At fourteen, I feel grown. I feel too old for family holidays and I want to spend the time with my friends, whiling away the hours down in the park or in the arcade, and it suits my father, too, since summer is a hard time to book time off work. We don't go.

Before I know it, I'm eighteen and leaving for university and I haven't seen you in five years. Sometimes, I think about you. The little boy I used to share chocolate and laughs with but I've outgrown you and I have other interests and other people to share things with. There's a girl, all swaying hips and bubblegum lips, who I share my first time with. It's awkward, both of us virgins, but we're eager and it's a safe place to try new things and we don't work out but we have an amazing few months together. There's another girl, though she's more of a woman with her confident words and direct demands, who takes control and doesn't shame me for giving it up. I learn things with her, things they never taught in school.
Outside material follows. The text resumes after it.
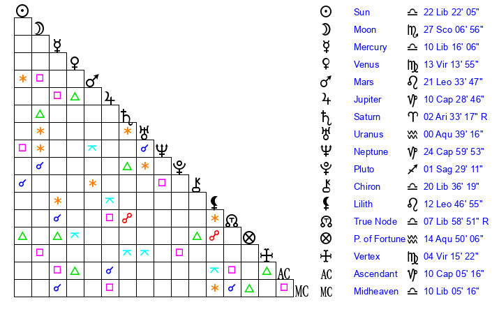Sun | 22 Libra 22 | 22 Libra 35 | 20 Scorpio 20 |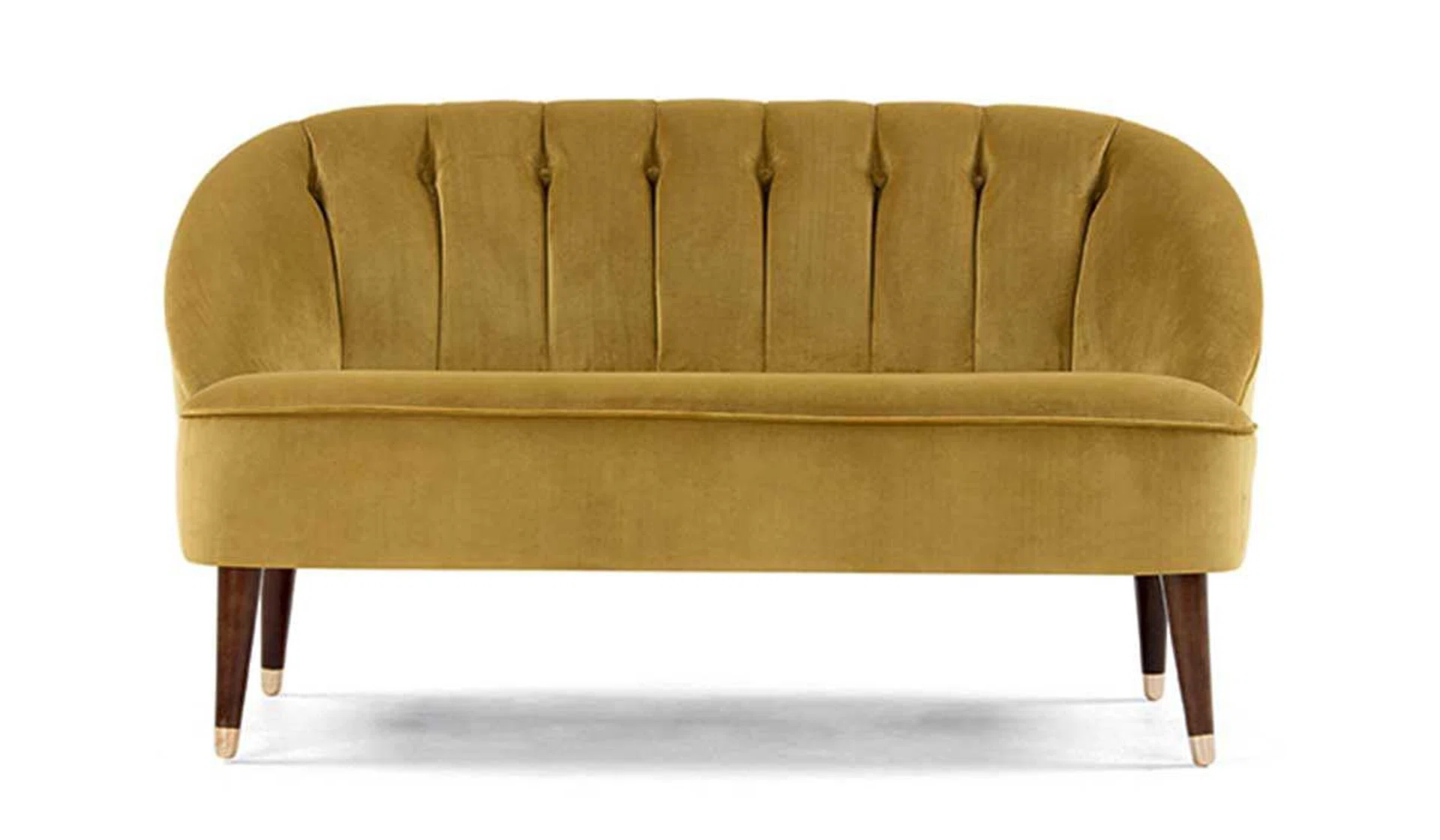 Over at Made.com, "Margot" is a stylish couch upholstered in smooth velvet, with a buttoned backrest and dark wood legs finished with brass caps.

Which is when I start to experiment more, working out what I like, and it comes in the form of a sweet Italian boy who's stuttering and quiet when I first meet him but so vocal in the bedroom. He speaks his native tongue then, when he's close to losing it, and I can never hear Italian again without feeling something.

Coming out to my parents is both terrifying and a relief. I know I can't keep being two different people at uni and at home and, regardless of how this goes, I'm glad to have the weight off my chest. As it is, my parents don't care, not in the slightest. All they've ever wanted is for me to be happy and they make it clear that afternoon, my mother holding me in my arms as I cry. My father watches fondly, ruffling my hair and making sure I look him in the eyes and understand when he says he loves me, no matter what. It's everything I want.

Later, once I've shown them pictures of my boyfriend and agreed to let them meet, they mention you in passing. You're gay, which isn't quite bi but close enough, and I take notice. So fresh to this LGBT thing, I can't stop paying a little extra attention when I hear about other people like me but, at the same time, we haven't spoken in years. I don't know how to start the conversation again, anyway, and I don't think you'll appreciate me popping up out of the blue just because of your sexuality. So we don't talk.

Three months later, you're dead.

I hear the news over the phone, just like my parents do, and it hits me sharp. I've never lost someone before, not someone I'm close to, and certainly not someone as young as you were at seventeen. It's jarring and it reminds me all too well of my own mortality. It's that sense of shock and numbness that takes me through the following weeks, takes me to a dreary day with the rain pelting down as we watch your coffin being lowered into the ground. I see your mother speak of you, shaking voice but no tears coming through, and there's your father sharing memories after her, too.

It feels all too short of a goodbye but maybe that's the way with all funerals. I wonder, like I have over the past month, if anything would've changed if I got in contact with you. What would happen if we'd grown up together, if you were less shy and I was more determined, and those thoughts keep me up at night. Because then you'd have a friend who had the same struggles you had and maybe whatever pressures you faced in college wouldn't be so bad with someone by your side. Maybe you wouldn't have taken your life then.

But, more than those dark thoughts, I think of the earlier years, when we were kids in your beach house, carefree and happy.